Navigate to your desired installation directory and clone this repository:
git clone https://github.com/VCCRI/Spliceogen.git Spliceogen
-Any whole genome FASTA (.fa)
-Any GTF genome annotation (.gtf)
Browse and download FASTA/GTF versions from Gencode
Alternatively, some recent (as of 2019) hg38 releases can be retrieved using:
> wget ftp://ftp.ensembl.org/pub/release-95/fasta/homo_sapiens/dna/Homo_sapiens.GRCh38.dna.alt.fa.gz
> gunzip Homo_sapiens.GRCh38.dna.alt.fa.gz
> wget ftp://ftp.ebi.ac.uk/pub/databases/gencode/Gencode_human/release_29/gencode.v29.basic.annotation.gtf.gz
> gunzip gencode.v29.basic.annotation.gtf.gz
-Bedtools (tested on v2.26.0)
-Java
To include (optional) Branchpointer predictions, users require:
-R (tested on v3.4.3)
-Branchpointer
-a BSgenome
The current Bioconductor release of Branchpointer supports SNV predictions. To install it from an R prompt:
> source("https://bioconductor.org/biocLite.R")

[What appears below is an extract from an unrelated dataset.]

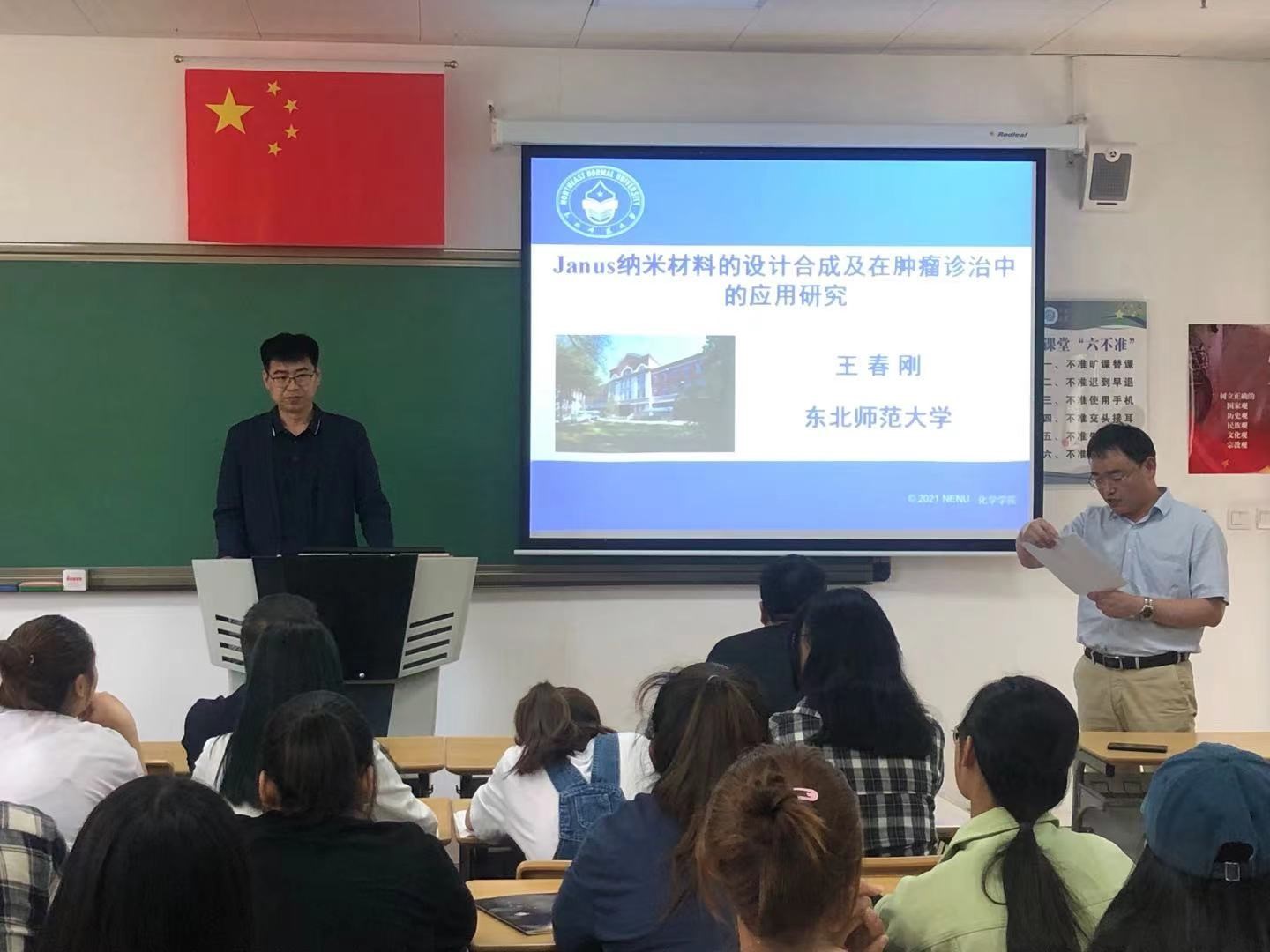 为庆祝建党100周年,2021年5月29日,东北师范大学王春刚教授与黑龙江大学田春贵教授应邀参加化学与材料学院系列活动之前沿学术讲座,在蒙医药楼208分别作了学术报告。化学与材料学院、纳米创新研究院的部分教师、研究生与本科生参加了本次学术报告,报告会由副院长刘景海主持。

> biocLite("branchpointer")
The development version of Branchpointer also supports indels. To install this version instead:
> library(devtools)
> install_github("betsig/branchpointer_dev")

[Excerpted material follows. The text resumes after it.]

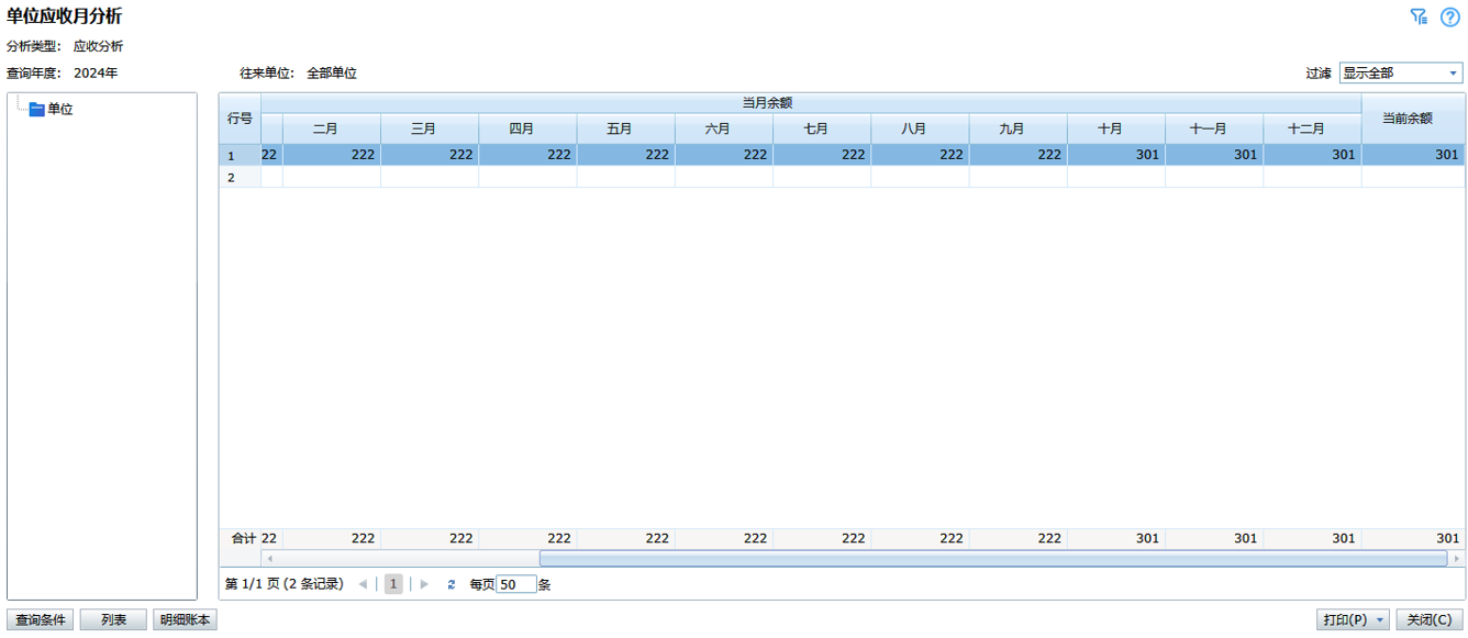单位应收月分析,用于分析往来单位年度内每月应收余额情况,便于与客户核对账目,以及分析与该单位业务情况。为企业衡量往来单位信用提供数据支持。

From an R prompt, install the hg38 BSgenomes package using the below command. For hg19, edit the 3rd line to "hg19".
> if (!requireNamespace("BiocManager", quietly = TRUE))
> install.packages("BiocManager")
> BiocManager::install("BSgenome.Hsapiens.UCSC.hg38", version = "3.8")
Alternatively, a docker image is provided with all dependencies installed. With docker installed, the basic command is:
> docker run -it mictro/spliceogen:latest /bin/bash
Or to run it with access to a local directory (containing your VCF/BED/GTF/FASTA files), use the command below. Replace $(pwd) with the path of your directory. The name of the destination directory (/my_dir) can be changed to anything.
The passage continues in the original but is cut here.